§ **INSTRUCTIONS TO FOLLOW**
For the entries below, return the line holding "这款拉拉裤一包里面有两个图案" together with all lines after it, unchanged, and leave every picture out.
*** Opening of EXERCISE INPUTS ***
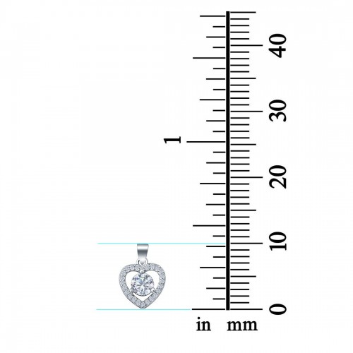 Heart Charm Pendant Simulated Cubic Zirconia 925 Sterling Silver (10mm)
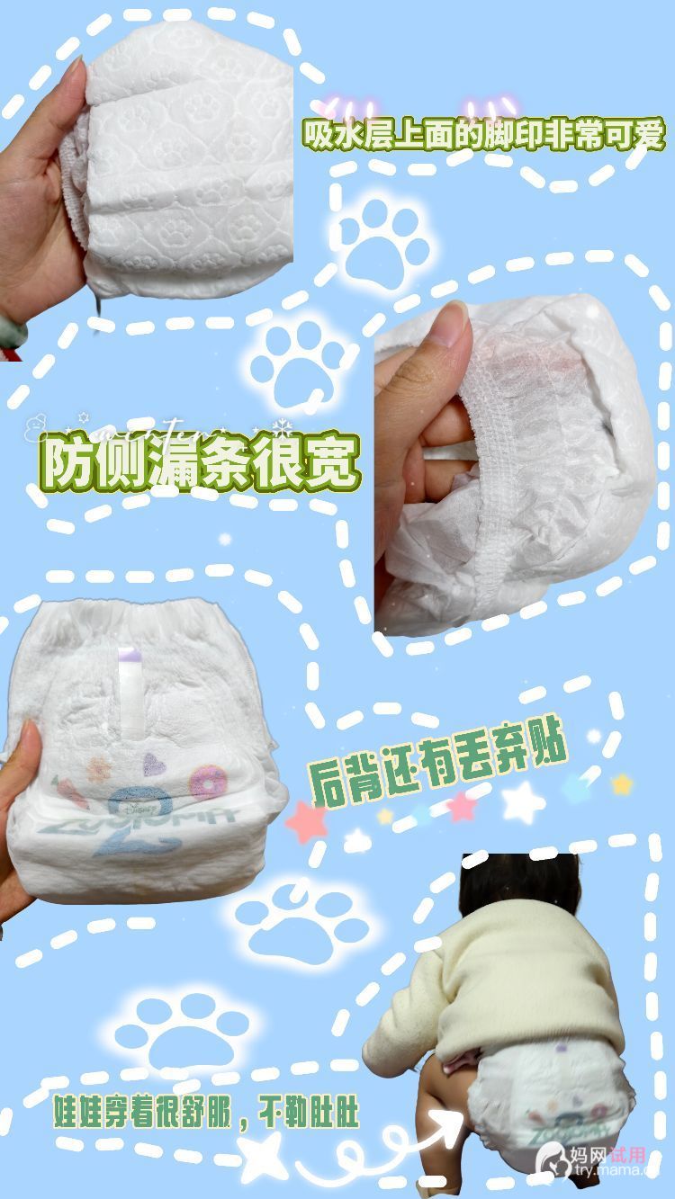 这款拉拉裤一包里面有两个图案都非常好看,而且它的吸水层还是脚印形状的非常可爱,吸水效果也很好一晚一片完全不用担心会漏,两侧的防侧漏条也比较宽防侧漏效果挺好的,不用担心尿尿或者便便从大腿根部渗出弄脏裤子,腰上有大透气孔比较排汗爱动的宝宝穿上也很友好,不用担心闷汗让宝宝产生不舒服,整体来说呢他穿着就是很舒服腰围弹性大不勒小肚肚,面料很柔软皮肤敏感的宝宝也可以穿不用担心因为摩擦把皮肤弄红,背后还有六七条丢的时候呢就很方便,成体来说比较推荐,尺码合适不用特地拍大一码
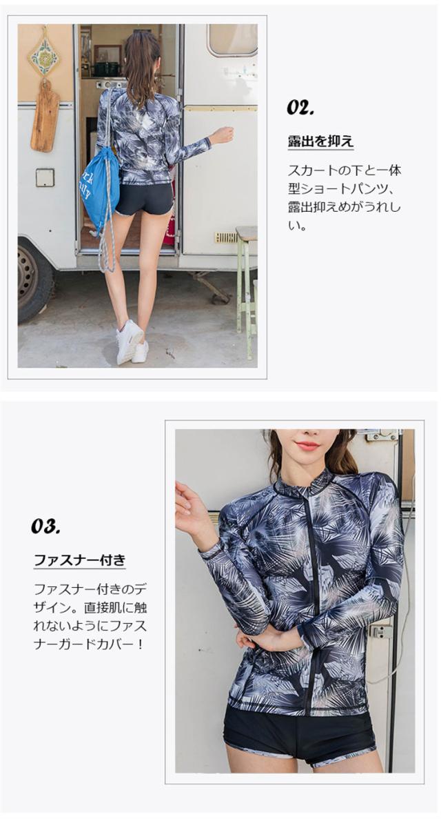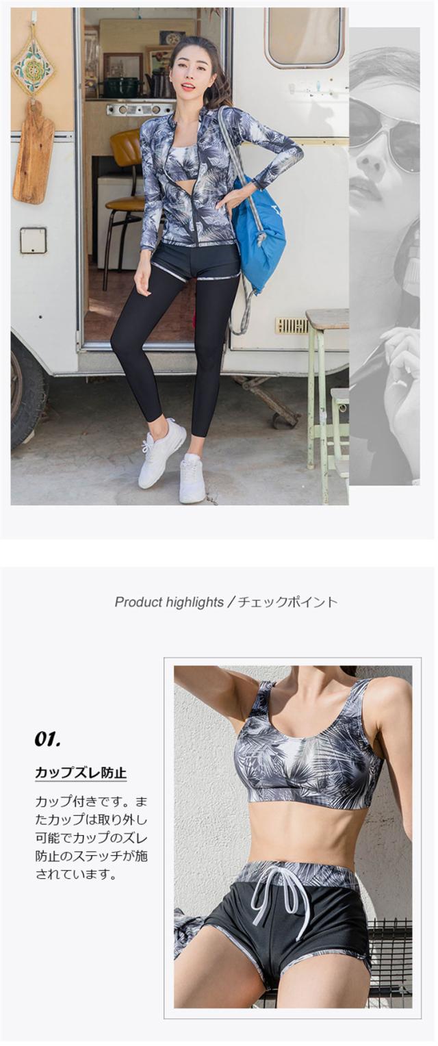 パッド付き/取り外し可能、ストレスフリーのノンワイヤータンキニブラ(肩ひも調節不可/取り外し不可)、ハイウエストパンツで小腹もカバー、ラッシュガードにはファスナーガードデザインを施し、顎や顔、首元の擦れを防止し、お肌を守ります。不快感なく脱着しやすいのとともに、スポーツ中に髪などが絡まる心配もなし!
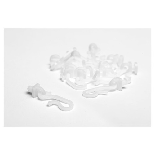 Supplied with 12 nylon hooks and gliders for one shower curtain
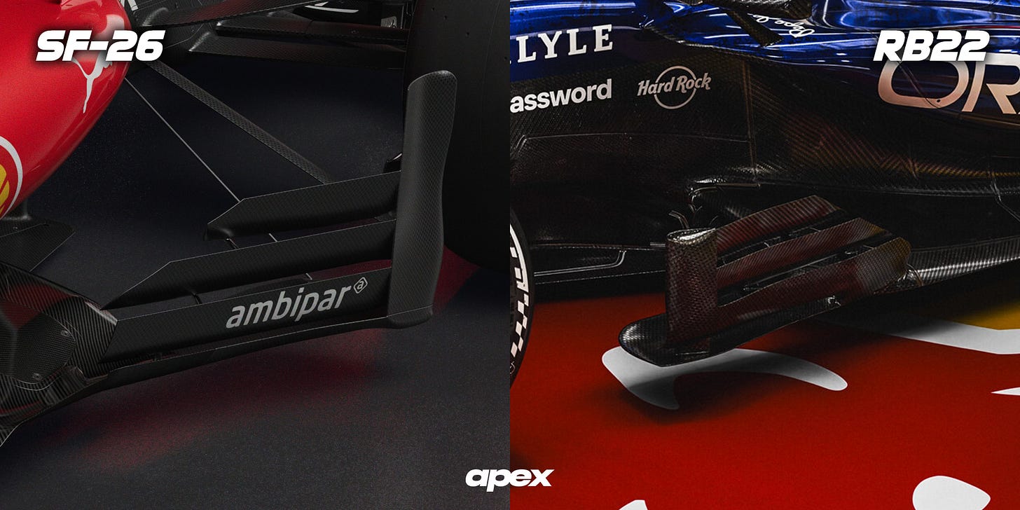 The ‘bargeboard’ itself takes a similar shape to Red Bull’s with horizontal elements joining a single vertical strake at the front, but the SF-26’s is much taller - taking up most if not all of the height allowed by the regulations.
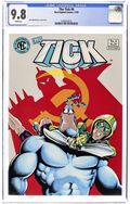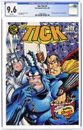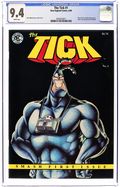 First printing. NOTE: This is a 1st Printing. 1st printings do not have a 2nd or later printing notice in indica. Written by Ben Edlund. Art and cover by Ben Edlund and Dave Garcia. The Running Guy tries to stage a mock battle with The Red Scare to make his reputation as a hero but The Tick intervenes and ruins the deal. Photo log of Edlund's round the world trip with special appearances and commentary by The Tick. 36 pgs., B&W. $2.25. Cover price $2.25.
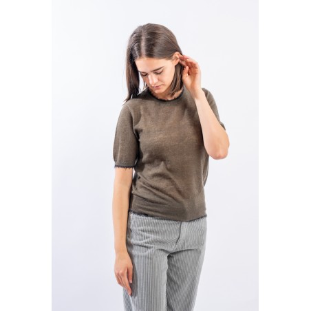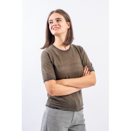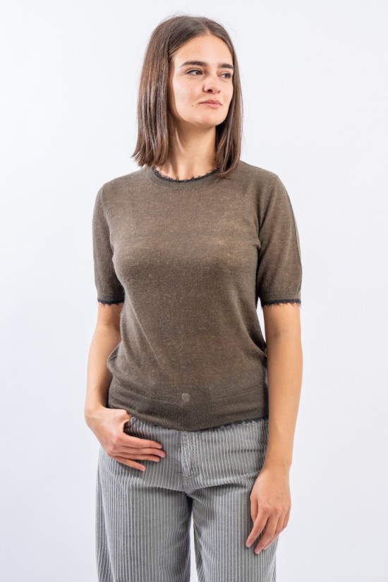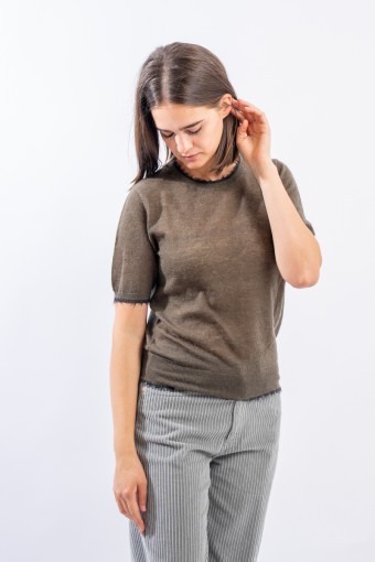 Maglia girocollo con maniche al gomito realizzata in un leggero filato di lana e alpaca perfetto come sotto giacca in ambienti riscaldati. Presenta rifiniture sfrangiate sul collo e sui profili che donano un tocco attuale e ricercato. Made in Italy.
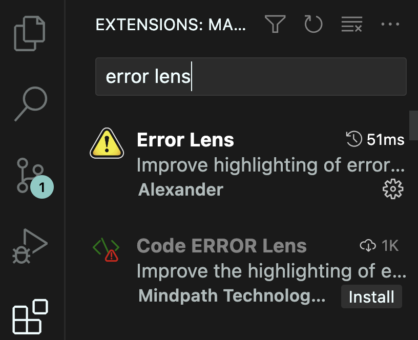 Step 4: dart 코드에 있는 에러들을 하나씩 수정하면 됩니다. VSCode에서 extension에 들어가서 Error Lens를 활성화해주시고 에러를 해결하면 됩니다.
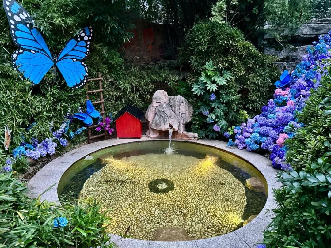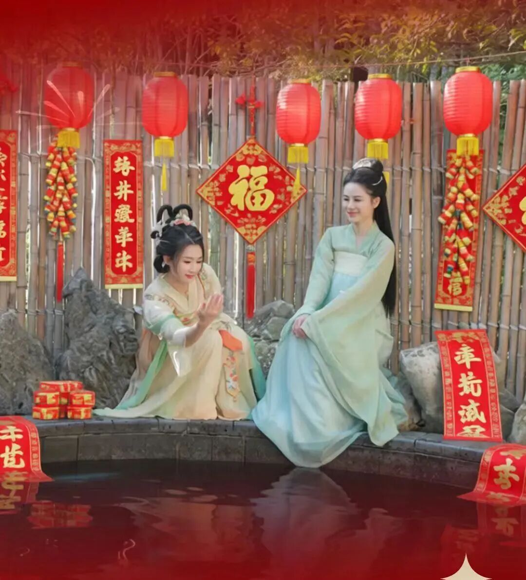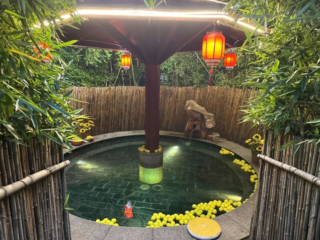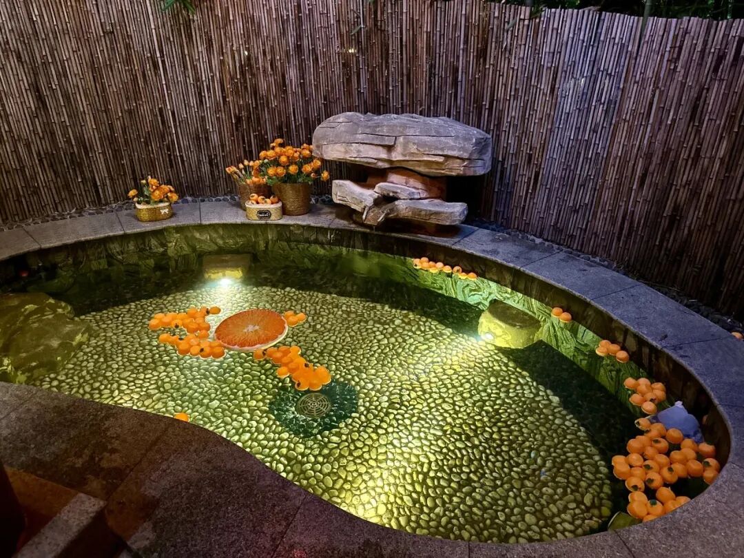 温泉中心特设新春温泉“添福池”,融入新春元素及天然草本香料,寓意泡去旧岁、喜迎福运。池边布置红灯笼、福字装饰,营造喜庆祥和的泡汤氛围。
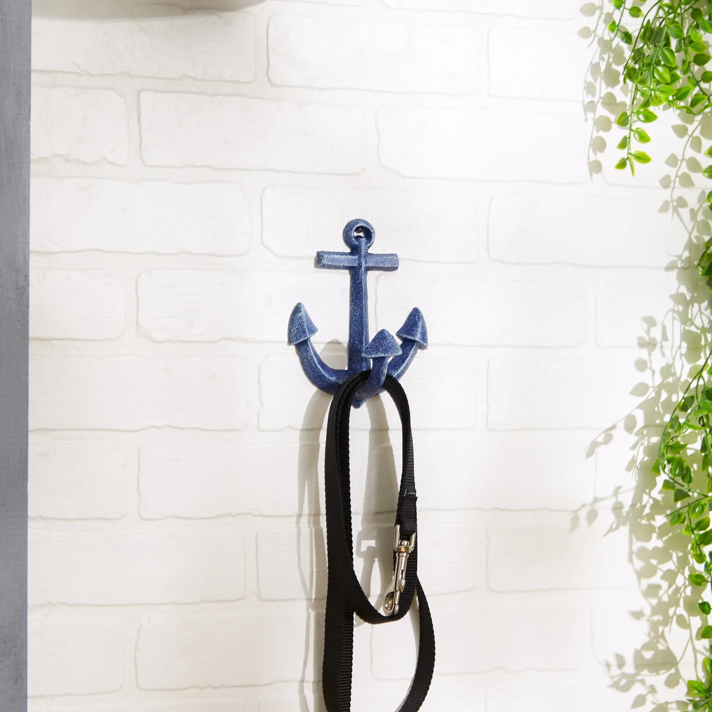Nautical Blue Anchor Wall Hook - Decorative Coastal Home Decor
*** Close of EXERCISE INPUTS ***
§ **TASK SOLUTION**
 这款拉拉裤一包里面有两个图案都非常好看,而且它的吸水层还是脚印形状的非常可爱,吸水效果也很好一晚一片完全不用担心会漏,两侧的防侧漏条也比较宽防侧漏效果挺好的,不用担心尿尿或者便便从大腿根部渗出弄脏裤子,腰上有大透气孔比较排汗爱动的宝宝穿上也很友好,不用担心闷汗让宝宝产生不舒服,整体来说呢他穿着就是很舒服腰围弹性大不勒小肚肚,面料很柔软皮肤敏感的宝宝也可以穿不用担心因为摩擦把皮肤弄红,背后还有六七条丢的时候呢就很方便,成体来说比较推荐,尺码合适不用特地拍大一码
 パッド付き/取り外し可能、ストレスフリーのノンワイヤータンキニブラ(肩ひも調節不可/取り外し不可)、ハイウエストパンツで小腹もカバー、ラッシュガードにはファスナーガードデザインを施し、顎や顔、首元の擦れを防止し、お肌を守ります。不快感なく脱着しやすいのとともに、スポーツ中に髪などが絡まる心配もなし!
 Supplied with 12 nylon hooks and gliders for one shower curtain
 The ‘bargeboard’ itself takes a similar shape to Red Bull’s with horizontal elements joining a single vertical strake at the front, but the SF-26’s is much taller - taking up most if not all of the height allowed by the regulations.
 First printing. NOTE: This is a 1st Printing. 1st printings do not have a 2nd or later printing notice in indica. Written by Ben Edlund. Art and cover by Ben Edlund and Dave Garcia. The Running Guy tries to stage a mock battle with The Red Scare to make his reputation as a hero but The Tick intervenes and ruins the deal. Photo log of Edlund's round the world trip with special appearances and commentary by The Tick. 36 pgs., B&W. $2.25. Cover price $2.25.
 Maglia girocollo con maniche al gomito realizzata in un leggero filato di lana e alpaca perfetto come sotto giacca in ambienti riscaldati. Presenta rifiniture sfrangiate sul collo e sui profili che donano un tocco attuale e ricercato. Made in Italy.
 Step 4: dart 코드에 있는 에러들을 하나씩 수정하면 됩니다. VSCode에서 extension에 들어가서 Error Lens를 활성화해주시고 에러를 해결하면 됩니다.
 温泉中心特设新春温泉“添福池”,融入新春元素及天然草本香料,寓意泡去旧岁、喜迎福运。池边布置红灯笼、福字装饰,营造喜庆祥和的泡汤氛围。
Nautical Blue Anchor Wall Hook - Decorative Coastal Home Decor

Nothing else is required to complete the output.